Re: need BLAT parse code

Jason Stajich
In reply to this post by Jason Stajich
You probably need to change this line,
>  for( 1..4 ) { <> }
to
>  for( 1..4 ) { <FH> }

If your BLAT result file doesn't start with psLayout then you need to  
make move that if statement BEFORE the while(<FH>) loop starts, it is  
stripping off the header lines (and hence where the mysterious 'Q' is  
coming from in you output!).

You can also run blat to just return output without the header and  
you don't need those skipping steps at all.

 From the blat options:
  -noHead     suppress .psl header (so it's just a tab-separated file)


If parsing tab delimited files seems difficult go buy a book on  
programming perl or read some of the myriad of freely available  
online documentation and read about the split function.

-jason

On Nov 29, 2005, at 1:27 AM, neeti somaiya wrote:

> I use the following code :
>
> open(FH,"output.psl");
> while(<FH>)
> {
>     if( /^psLayout/ )
>     {
>           for( 1..4 ) { <FH> }
>       }
>      my @line = split;
>      my ( $matches,$mismatches,$rep_matches,$n_count,
>             $q_num_insert,$q_base_insert,
>             $t_num_insert, $t_base_insert,
>             $strand, $q_name, $q_length, $q_start,
>             $q_end, $t_name, $t_length,$t_start, $t_end, $block_count,
>             $block_sizes,  $q_starts,      $t_starts
>             ) = split;
>
>
>       print $t_start;
>       print "\n";
>       print $t_end;
>
> }
>
> for output.psl file :
>
> match   mis-    rep.    N's     Q gap   Q gap   T gap   T gap    
> strand  Q               Q       Q       Q       T                
> T       T       T       block   blockSizes      qStarts  tStarts
>         match   match           count   bases   count    
> bases           name            size    start   end      
> name            size    start   end     count
> ----------------------------------------------------------------------
> ----------------------------------------------------------------------
> -------------------
> 27025   0       0       0       0       0       0       0        
> +       query_sequence3 27025   0       27025    
> database_sequence3      57701691        132995  160020  1        
> 27025,  0,      132995,
> ~
>
>
> It gave me output :
>
> Q
> Q
>
> 132995
> 160020
>
> What is the Q? Cant I obtain the coordinates (132995, 160020) alone?
>
> Please let me know.
> Thanks.
>
> On 11/28/05, Jason Stajich <[hidden email]> wrote:
> Bio::SearchIO::psl can parse psl output.
>
> or more simply:
>
> while(<>) {
>    if( /^psLayout/ ) { # if there is a header
>    for( 1..4 ) { <> }  # take next 4 lines to skip the header
>    }
>   my @line = split;
>   my ( $matches,$mismatches,$rep_matches,$n_count,
>              $q_num_insert,$q_base_insert,
>              $t_num_insert, $t_base_insert,
>              $strand, $q_name, $q_length, $q_start,
>              $q_end, $t_name, $t_length,$t_start, $t_end,  
> $block_count,
>              $block_sizes,  $q_starts,      $t_starts
>              ) = split;
>
>   #  query aln vals are  $q_start, and $q_end values
>   # hit aln vals are $t_start, $t_end
> }
>
> On Nov 28, 2005, at 8:06 AM, neeti somaiya wrote:
>
> > Hi,
> >
> > I am using BLAT in a project.I am having simple .psl output files
> > after
> > running BLAT of a gene sequences against full chromosomal
> > sequences.Doesanyone have a simple BLAT parse code.

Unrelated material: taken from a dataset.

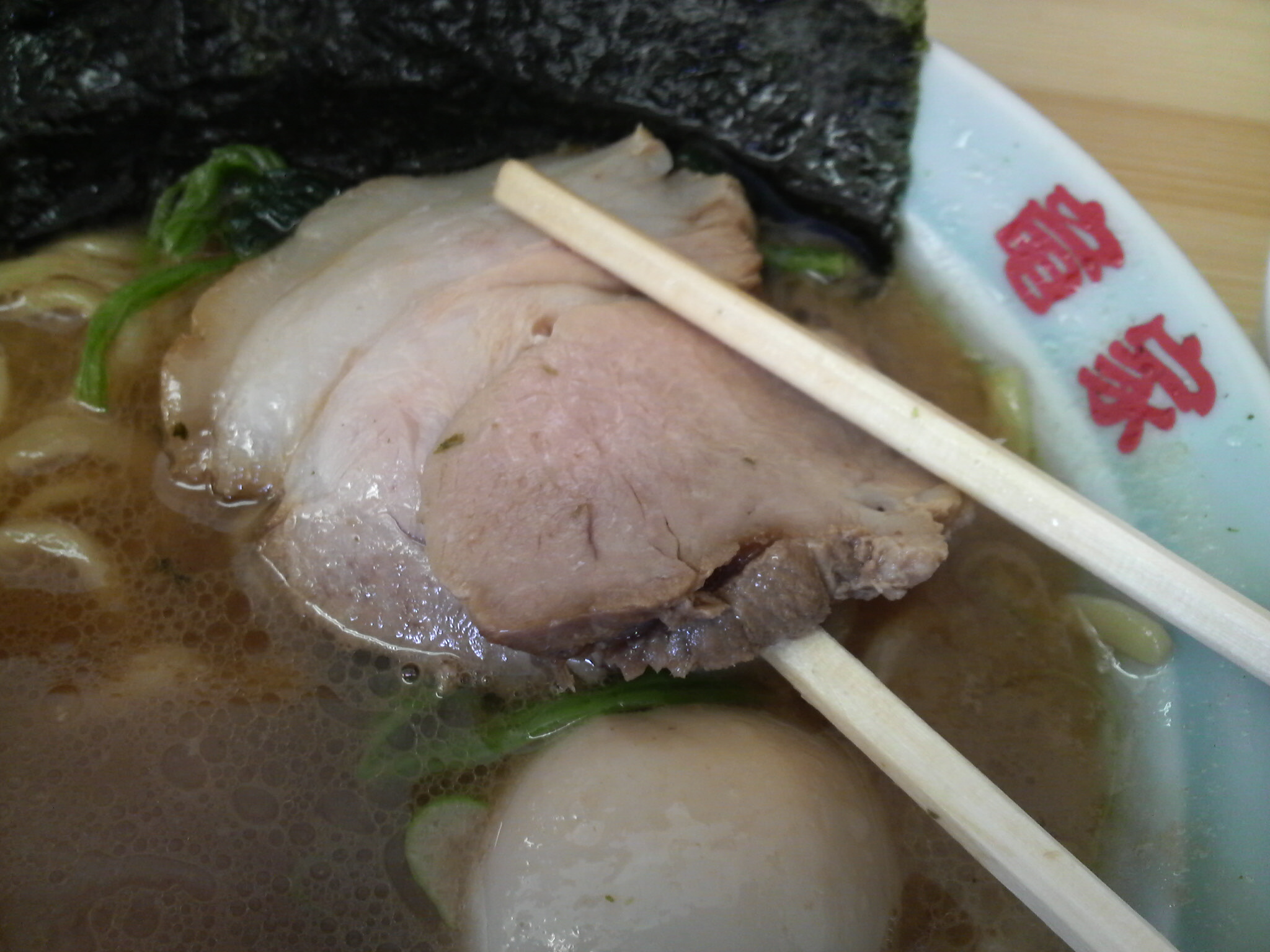 短めの麺なんでサクサクっと食えます。家系としては厚めのロースチャーシュー。

I am only
> > interested in obtaining the
> > alignment start and end positions on the target.
> > --
> > -Neeti
> > Even my blood says, B positive
> >
> > _______________________________________________
> > Bioperl-l mailing list
> > [hidden email]
> > http://portal.open-bio.org/mailman/listinfo/bioperl-l
>
> --
> Jason Stajich
> Duke University
> http://www.duke.edu/~jes12
>
>
>
>
>
> --
> -Neeti
> Even my blood says, B positive

--
Jason Stajich
Duke University
http://www.duke.edu/~jes12


_______________________________________________
Bioperl-l mailing list
[hidden email]
http://portal.open-bio.org/mailman/listinfo/bioperl-l
Reply | Threaded
Open this post in threaded view
|  
Report Content as Inappropriate

Re: need BLAT parse code

Sean Davis-3
In reply to this post by Jason Stajich
Neeti,

You could simply put the file in a text editor and take out the header.
Alternatively, type:

 blat

without any arguments.  You will notice that there are many options to blat,
one of which is -noHead, which suppresses the header.  Or, look at only
lines that begin with a number using a regular expression.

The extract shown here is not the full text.